Well, get ready to have your cake and eat it too—literally!
This guide is your golden ticket to enjoying desserts that are not just delicious but also Weight Watchers-friendly.
Whether you’re a newbie or a seasoned pro on the Weight Watchers program, these recipes will sweeten your journey without derailing your progress.

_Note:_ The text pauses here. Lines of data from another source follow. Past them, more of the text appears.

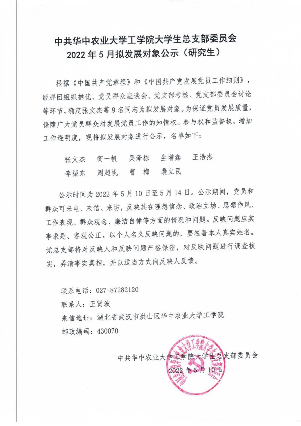 【研】中共英国365集团公司大学生总支部委员会2022年5月拟发展对象公示(研究生)
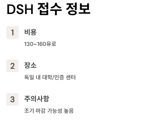 DSH 점수는 세 단계로 나뉘는데요, DSH 1은 B2, DSH 2는 C1, 그리고 DSH 3은 C2 수준이에요. 일반적으로 대학 입학에는 DSH 2 이상이 요구돼요. 시험은 재응시 제한이 없어서, 부담은 조금 덜한 편이에요.
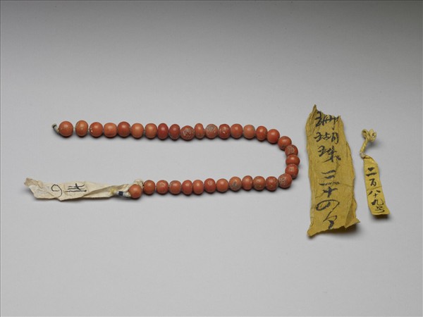 珊瑚珠計三十四粒,色橘,珠身帶有凹陷。
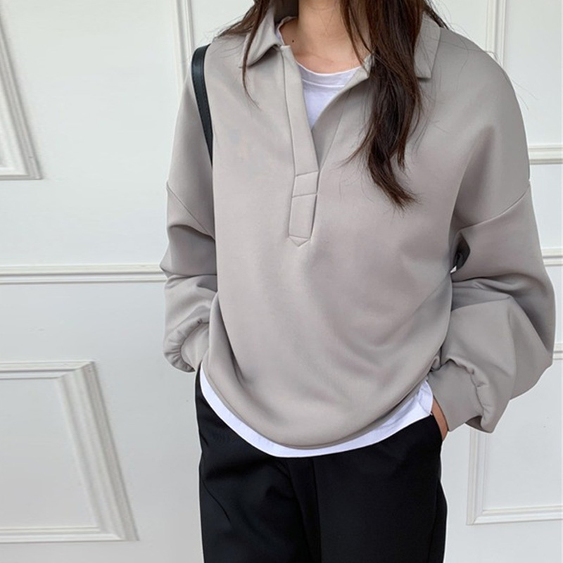 エアレイヤースウェットシャツ日本と韓国スタイルのカジュアルスペースコットンラペルトップ ゆったりとしたデザイン
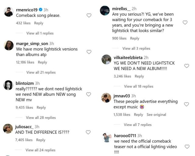vilkaiteelzbieta:”YG我們不需要應援棒,我們需要新專輯!!!!”
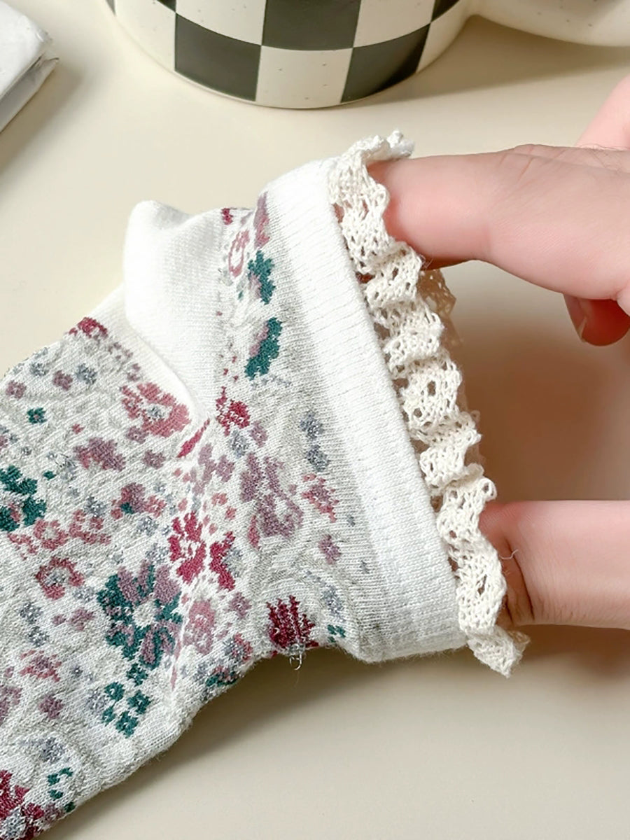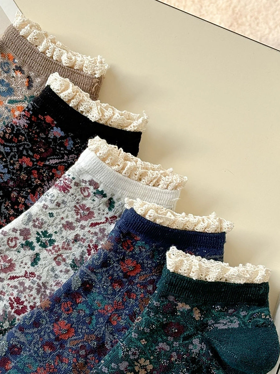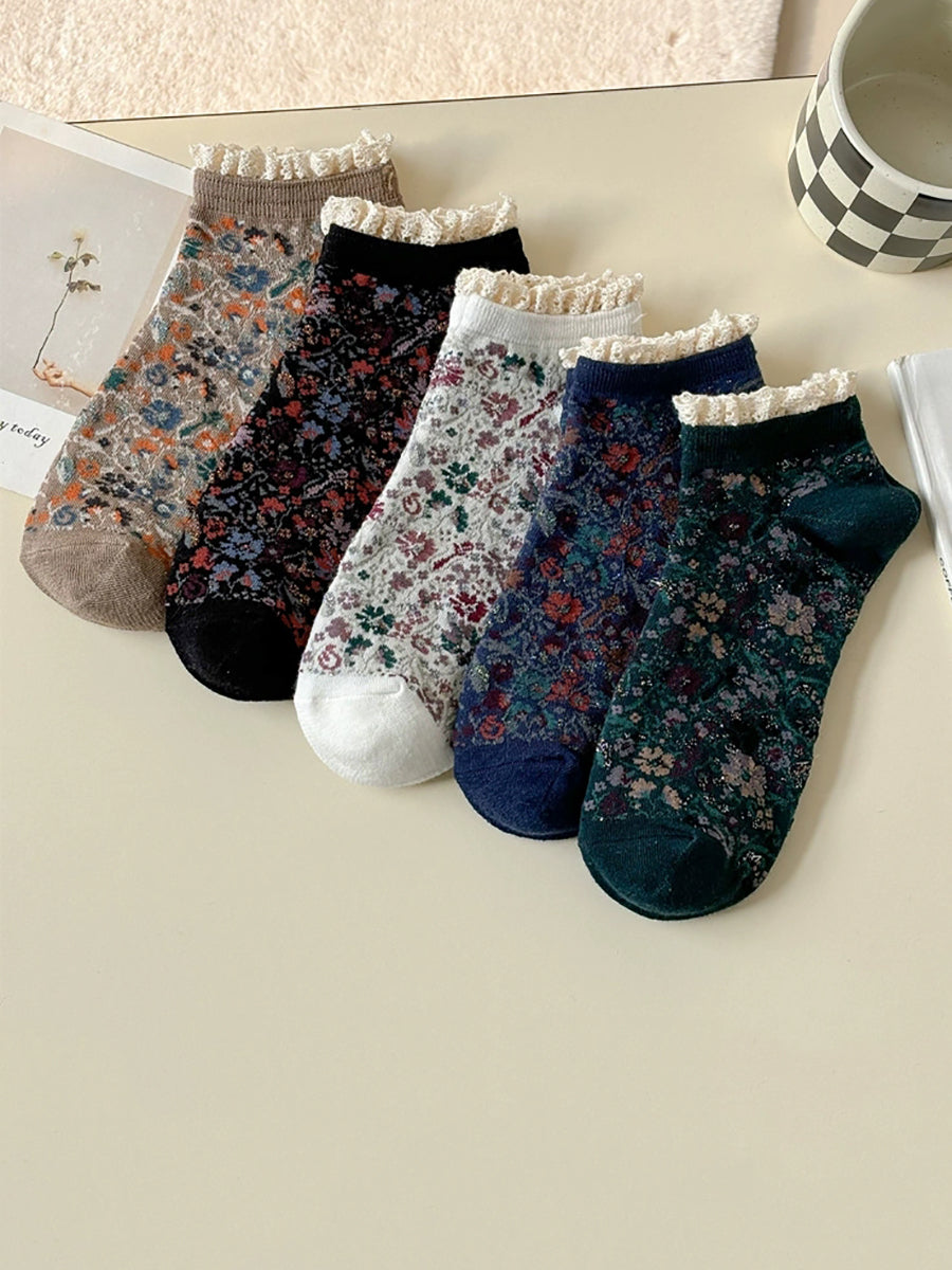 5 זוגות גרביים אומנותיות עם תחרה פרחונית ושילוב תחרה לנשים
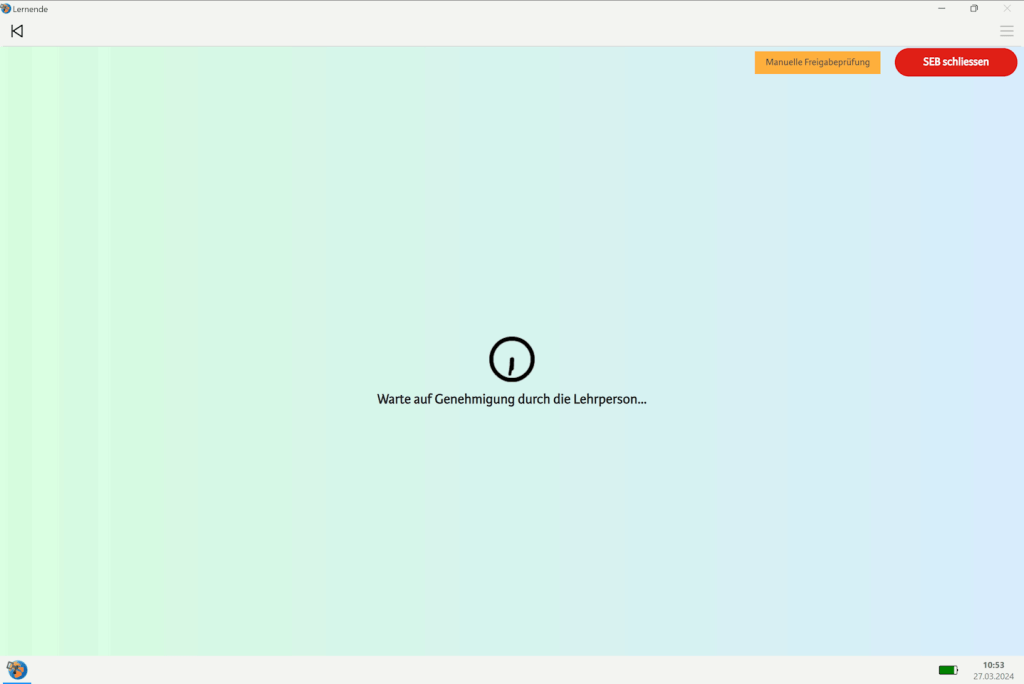 Danach wird eine laufende Uhr mit dem Hinweis „Warte auf Genehmigung durch die Lehrperson…“ angezeigt.
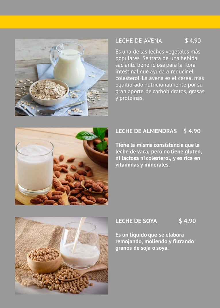 LECHE DE SOYA $ 4.90Es un líquido que se elabora remojando, moliendo y filtrando granos de soja o soya.
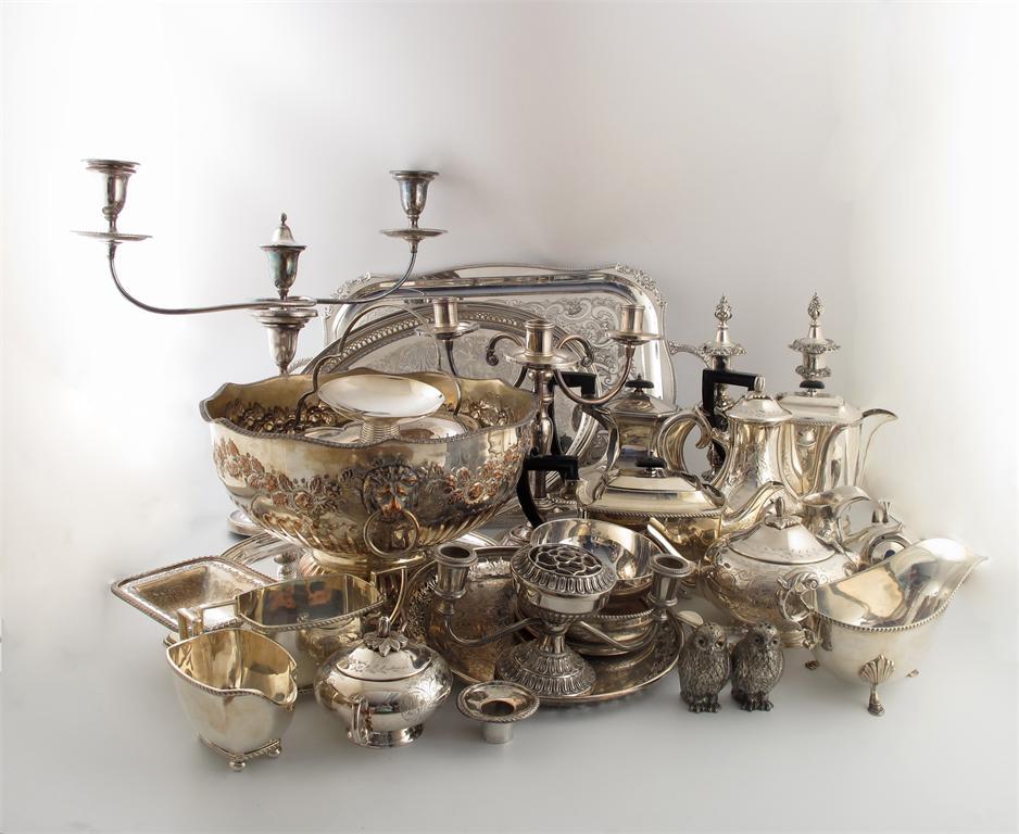 A large collection of electroplated items, comprising tea sets, trays, candelabra, and other items including a pair of old Sheffield plated candlesticks. (qty)

Let’s dive into the world of low-calorie, guilt-free desserts that taste so good, even your taste buds will be doing a happy dance!
37 Weight Watchers Dessert Recipes
Here’s the pièce de résistance: 37 decadent dessert recipes that are perfect for beginners.
These aren’t your run-of-the-mill, flavorless diet snacks.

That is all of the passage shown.